By 1964, the oral polio vaccine (OPV), developed by Albert Sabin, had become the recommended vaccine. OPV allowed large populations to be immunized because it was easy to administer, and it provided "contact" immunization, which means that an unimmunized person who came in contact with a recently immunized child might become immune, too. The problem with OPV was that, in very rare cases, paralytic polio could develop either in immunized children or in those who came in contact with them.
Since 1979 (when wild polio was eliminated in the United States), the approximately 10 cases per year of polio seen in this country were traced to OPV.
heck wooping cough is on the rise.
Measles
from WHO
Measles remains a leading cause of death among young children, despite the availability of a safe and effective vaccine for the past 40 years. An estimated 345 000 people, the majority of them children, died from measles in 2005 (the latest year for which figures are available).

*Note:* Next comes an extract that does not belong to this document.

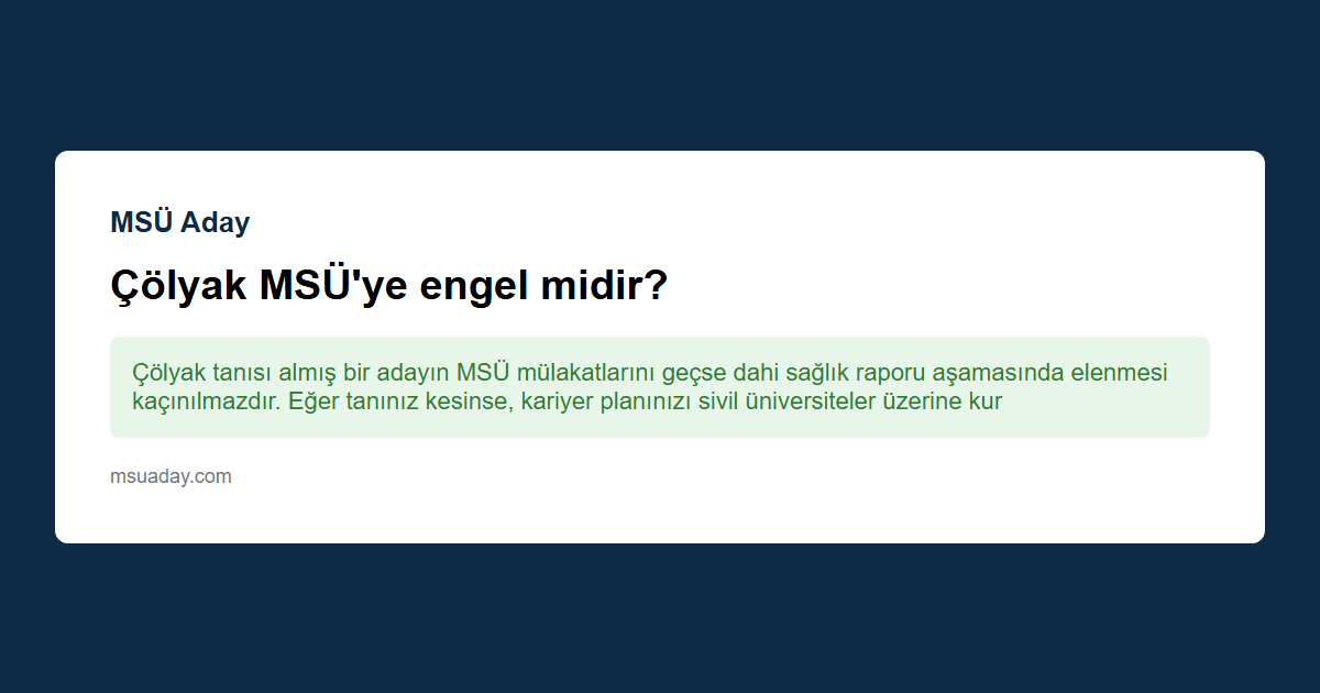 Kısa cevap: Çölyak tanısı almış bir adayın MSÜ mülakatlarını geçse dahi sağlık raporu aşamasında elenmesi kaçınılmazdır. Eğer tanınız kesinse, kariyer planınızı sivil üniversiteler üzerine kurmanız daha gerçekçi olacaktır.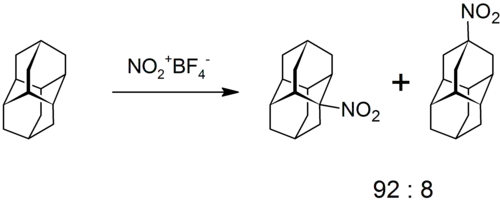 Diamantane can be nitrated by treatment with nitronium tetrafluoroborate (in nitrile-free nitromethane) to give a mixture of two isomeric nitrodiamantanes.[9]

Measles is one of the most contagious diseases known. Almost all non-immune children contract measles if exposed to the virus. Measles is an acute viral illness caused by a virus in the paramyxovirus family. As a respiratory disease, measles virus normally grows in the cells that line the back of the throat and in the cells that line the lungs. Measles is a human disease with no known animal reservoir.
Vaccination has had a major impact on measles deaths. From 2000 to 2005, more than 360 million children globally received measles vaccine through supplementary immunization activities. Moreover, improvements have been made in routine immunization over this period. These accelerated activities have resulted in a significant reduction in estimated global measles deaths. Overall, global measles mortality decreased by 60% between 1999 and 2005. The largest gains occurred in Africa where measles cases and deaths decreased by nearly 75%.
( and because most are so out of date for small pox vaccinations here , if one were to introduce it back we'd be in serious trouble. yes the virus still exists.)